───── TASK MATERIAL ─────
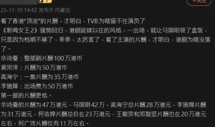 TVB剧《新闻女王2》播出后掀起观众追看热潮,近日有内地网友曝光剧中演员的薪酬表,称佘诗曼接拍《新闻女王2》片酬100万,黄宗泽则仅收50万,有网友留言调侃:“黄宗泽性价比太
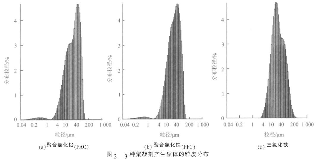 由圖2 可以看出,3 種絮凝劑所產(chǎn)生絮體的粒徑均在40 μm 左右,PAC 和PFC 在粒徑<2 μm 部分有少量絮體分布,這一點(diǎn)也印證了上述實(shí)驗(yàn)現(xiàn)象。根據(jù)Stokes 滯留區(qū)公式計(jì)算推導(dǎo)得出,絮體的有效密度取決于絮凝體中有機(jī)質(zhì)的含量、絮凝體的含水率、絮凝體的空隙度、絮凝的強(qiáng)度、水體的紊動(dòng)強(qiáng)度等。因此,在相同混凝條件下所產(chǎn)生的絮體可視為有效密度相同。絮體的沉降速度與粒徑的平方成正比,因此,粒徑分布集中,更有利于沉降,避免難以沉降的懸浮絮體給出水水質(zhì)帶來(lái)影響。
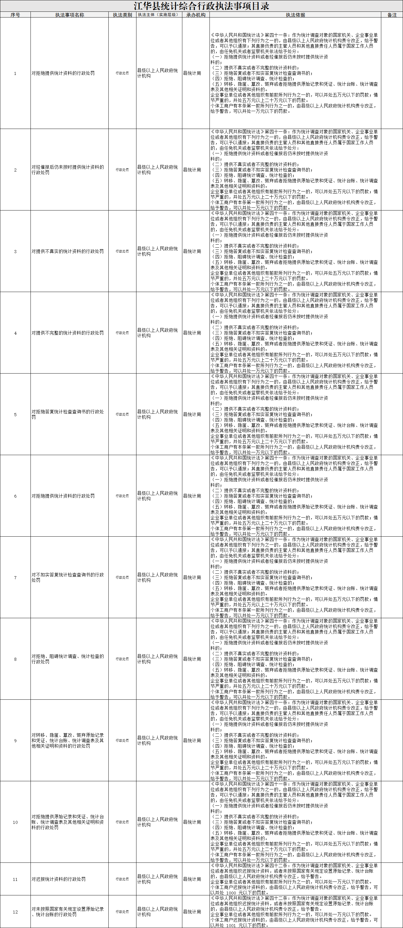 江华瑶族自治县统计局综合行政执法事项目录
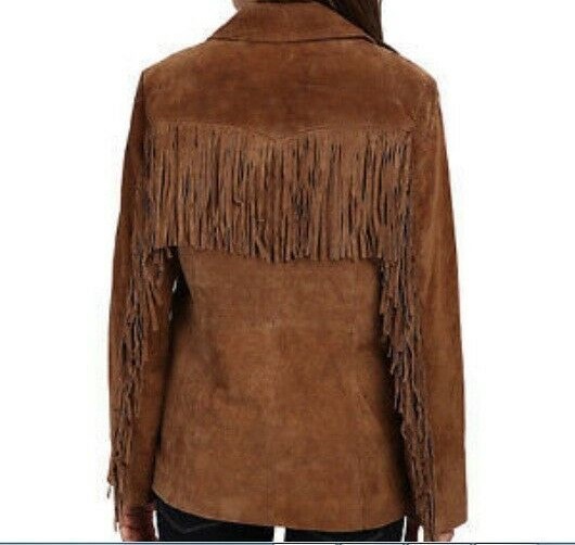 Ladies Cow Girl Brown Buck Skin Buffalo Suede Leather Fringes Hand Made Button Up Coat Jacket
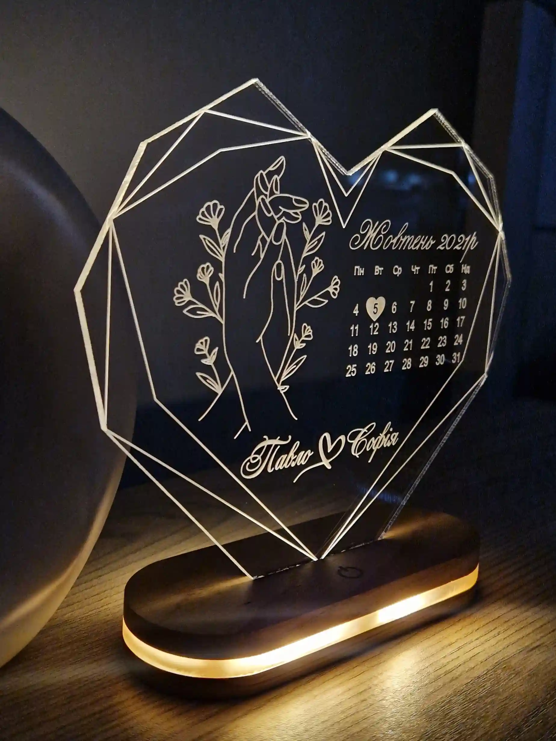 Світильник з датою та іменами на річницю
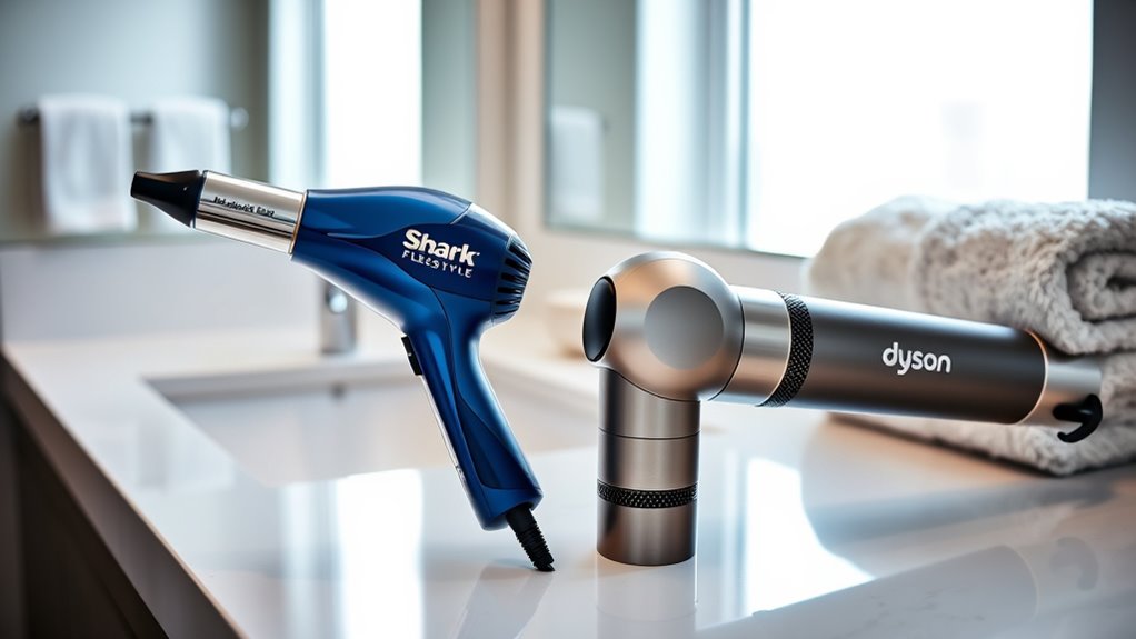 If you’re packing for a trip, considering the portability and travel features of the Shark FlexStyle and Dyson Airwrap can make a big difference. Both are lightweight and compact, making them easy to slip into your suitcase or carry-on. The Dyson Airwrap often needs a voltage converter for international use, while the Shark FlexStyle usually has dual voltage, so it works worldwide without extra adapters. Some models even feature foldable parts, enhancing portability during travel. Many come with travel bags or cases, protecting the device and accessories on the go. If you’re a frequent traveler, dual voltage capability and foldable designs make the Shark FlexStyle a convenient choice. Meanwhile, the Dyson Airwrap’s compact design still offers travel-friendly features, especially with the right adapters.
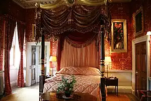 • The North State Bedchamber: Is 20 feet (6.1 m) square. The fireplace is of white marble, the side pilasters carved with shallow reliefs of eagles, patera and other motifs, the frieze is of a darker white-veined marble with carved central plaque and meander of white marble. The ceiling has a rich entablature, the frieze decorated with palmettes, the centre of the ceiling has a circle outlined by a richly molded plaster beam. The dado, ceiling and door surrounds are white highlighted in gilt. There is a table with a top made from a mosaic bought as originating from Hadrian's Villa, now believed to be an 18th-century copy. The four-poster bed is Regency. The walls are covered in patterned red velvet.
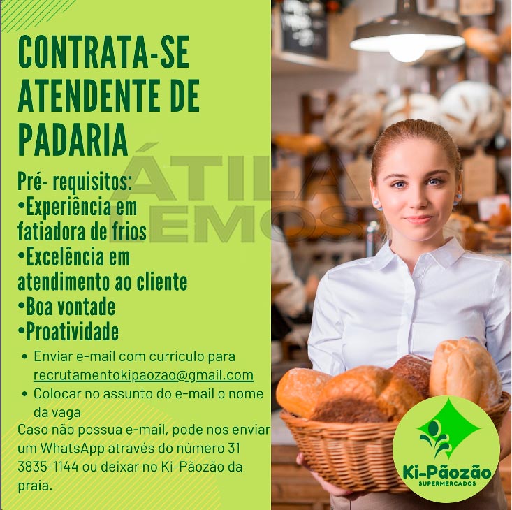 As pessoas interessadas na divulgação, deverão encaminhar o currículo para e-mail descrito na vaga. E-mail: recrutamentokipaozao@gmail.com
─────
Repeat the whole listing above word for word. Leave out the pictures.

— RESULT —
 TVB剧《新闻女王2》播出后掀起观众追看热潮,近日有内地网友曝光剧中演员的薪酬表,称佘诗曼接拍《新闻女王2》片酬100万,黄宗泽则仅收50万,有网友留言调侃:“黄宗泽性价比太
 由圖2 可以看出,3 種絮凝劑所產(chǎn)生絮體的粒徑均在40 μm 左右,PAC 和PFC 在粒徑<2 μm 部分有少量絮體分布,這一點(diǎn)也印證了上述實(shí)驗(yàn)現(xiàn)象。根據(jù)Stokes 滯留區(qū)公式計(jì)算推導(dǎo)得出,絮體的有效密度取決于絮凝體中有機(jī)質(zhì)的含量、絮凝體的含水率、絮凝體的空隙度、絮凝的強(qiáng)度、水體的紊動(dòng)強(qiáng)度等。因此,在相同混凝條件下所產(chǎn)生的絮體可視為有效密度相同。絮體的沉降速度與粒徑的平方成正比,因此,粒徑分布集中,更有利于沉降,避免難以沉降的懸浮絮體給出水水質(zhì)帶來(lái)影響。
 江华瑶族自治县统计局综合行政执法事项目录
 Ladies Cow Girl Brown Buck Skin Buffalo Suede Leather Fringes Hand Made Button Up Coat Jacket
 Світильник з датою та іменами на річницю
 If you’re packing for a trip, considering the portability and travel features of the Shark FlexStyle and Dyson Airwrap can make a big difference. Both are lightweight and compact, making them easy to slip into your suitcase or carry-on. The Dyson Airwrap often needs a voltage converter for international use, while the Shark FlexStyle usually has dual voltage, so it works worldwide without extra adapters. Some models even feature foldable parts, enhancing portability during travel. Many come with travel bags or cases, protecting the device and accessories on the go. If you’re a frequent traveler, dual voltage capability and foldable designs make the Shark FlexStyle a convenient choice. Meanwhile, the Dyson Airwrap’s compact design still offers travel-friendly features, especially with the right adapters.
 • The North State Bedchamber: Is 20 feet (6.1 m) square. The fireplace is of white marble, the side pilasters carved with shallow reliefs of eagles, patera and other motifs, the frieze is of a darker white-veined marble with carved central plaque and meander of white marble. The ceiling has a rich entablature, the frieze decorated with palmettes, the centre of the ceiling has a circle outlined by a richly molded plaster beam. The dado, ceiling and door surrounds are white highlighted in gilt. There is a table with a top made from a mosaic bought as originating from Hadrian's Villa, now believed to be an 18th-century copy. The four-poster bed is Regency. The walls are covered in patterned red velvet.
 As pessoas interessadas na divulgação, deverão encaminhar o currículo para e-mail descrito na vaga. E-mail: recrutamentokipaozao@gmail.com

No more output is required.